* Aim of the exercise: The line containing "Robe Unie À" marks the end; return exactly every line from the start of the records up to and including it, but no pictures.

[Opening Data for analysis section]

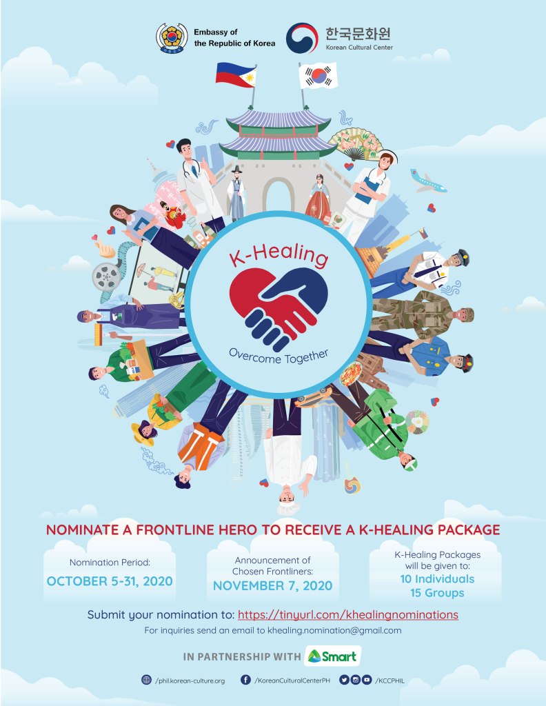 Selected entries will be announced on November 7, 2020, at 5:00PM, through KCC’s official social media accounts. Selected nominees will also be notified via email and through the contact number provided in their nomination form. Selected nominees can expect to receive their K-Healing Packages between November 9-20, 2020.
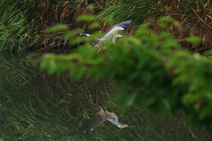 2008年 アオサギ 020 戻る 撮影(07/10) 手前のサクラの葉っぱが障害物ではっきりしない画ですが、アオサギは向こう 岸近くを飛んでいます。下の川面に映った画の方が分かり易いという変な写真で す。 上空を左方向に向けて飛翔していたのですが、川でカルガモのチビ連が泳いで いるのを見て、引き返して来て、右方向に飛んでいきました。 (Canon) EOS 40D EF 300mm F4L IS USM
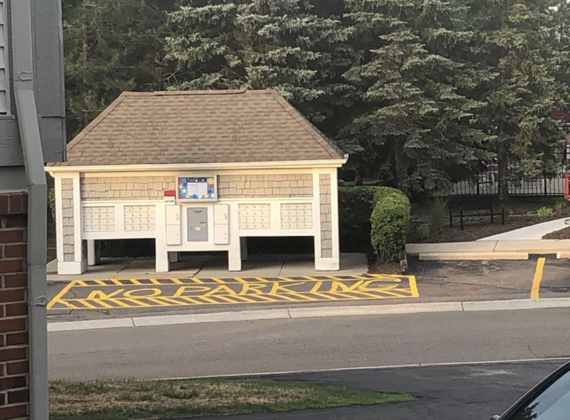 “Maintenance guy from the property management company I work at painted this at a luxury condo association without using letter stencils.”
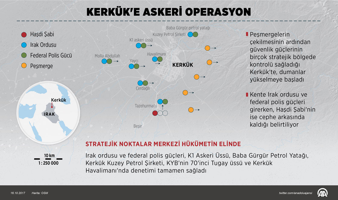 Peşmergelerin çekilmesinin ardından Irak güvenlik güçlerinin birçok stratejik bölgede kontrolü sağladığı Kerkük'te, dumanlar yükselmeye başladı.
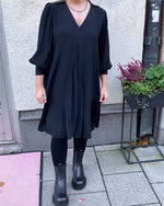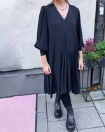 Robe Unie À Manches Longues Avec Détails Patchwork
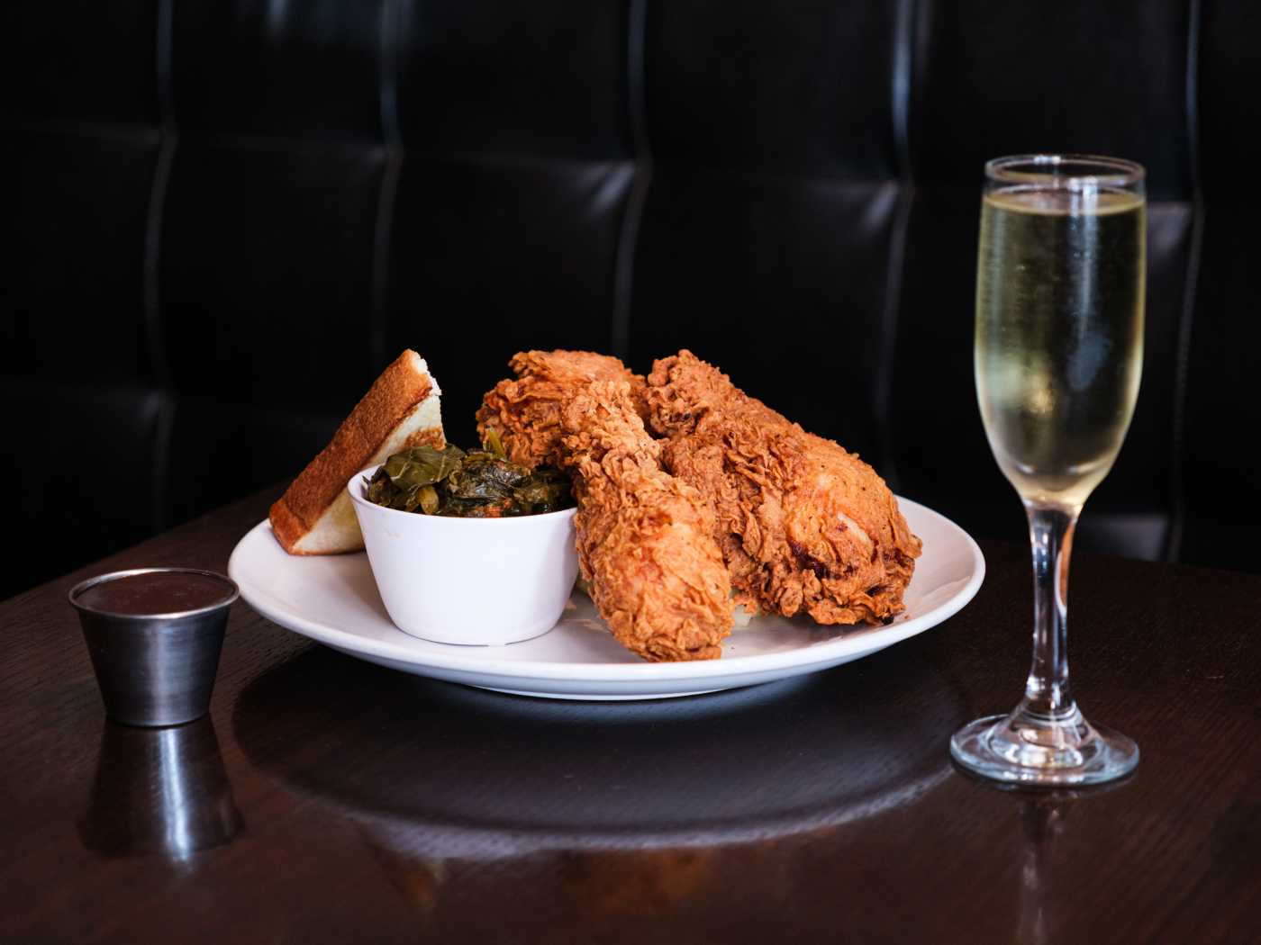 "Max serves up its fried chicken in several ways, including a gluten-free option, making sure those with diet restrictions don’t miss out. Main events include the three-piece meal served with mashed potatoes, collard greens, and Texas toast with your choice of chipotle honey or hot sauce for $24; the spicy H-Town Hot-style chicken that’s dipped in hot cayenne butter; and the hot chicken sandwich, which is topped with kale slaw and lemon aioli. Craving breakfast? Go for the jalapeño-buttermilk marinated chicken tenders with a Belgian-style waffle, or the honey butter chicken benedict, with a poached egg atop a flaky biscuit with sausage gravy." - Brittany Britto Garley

[Closing Data for analysis section]

* Your solution:
 Selected entries will be announced on November 7, 2020, at 5:00PM, through KCC’s official social media accounts. Selected nominees will also be notified via email and through the contact number provided in their nomination form. Selected nominees can expect to receive their K-Healing Packages between November 9-20, 2020.
 2008年 アオサギ 020 戻る 撮影(07/10) 手前のサクラの葉っぱが障害物ではっきりしない画ですが、アオサギは向こう 岸近くを飛んでいます。下の川面に映った画の方が分かり易いという変な写真で す。 上空を左方向に向けて飛翔していたのですが、川でカルガモのチビ連が泳いで いるのを見て、引き返して来て、右方向に飛んでいきました。 (Canon) EOS 40D EF 300mm F4L IS USM
 “Maintenance guy from the property management company I work at painted this at a luxury condo association without using letter stencils.”
 Peşmergelerin çekilmesinin ardından Irak güvenlik güçlerinin birçok stratejik bölgede kontrolü sağladığı Kerkük'te, dumanlar yükselmeye başladı.
 Robe Unie À Manches Longues Avec Détails Patchwork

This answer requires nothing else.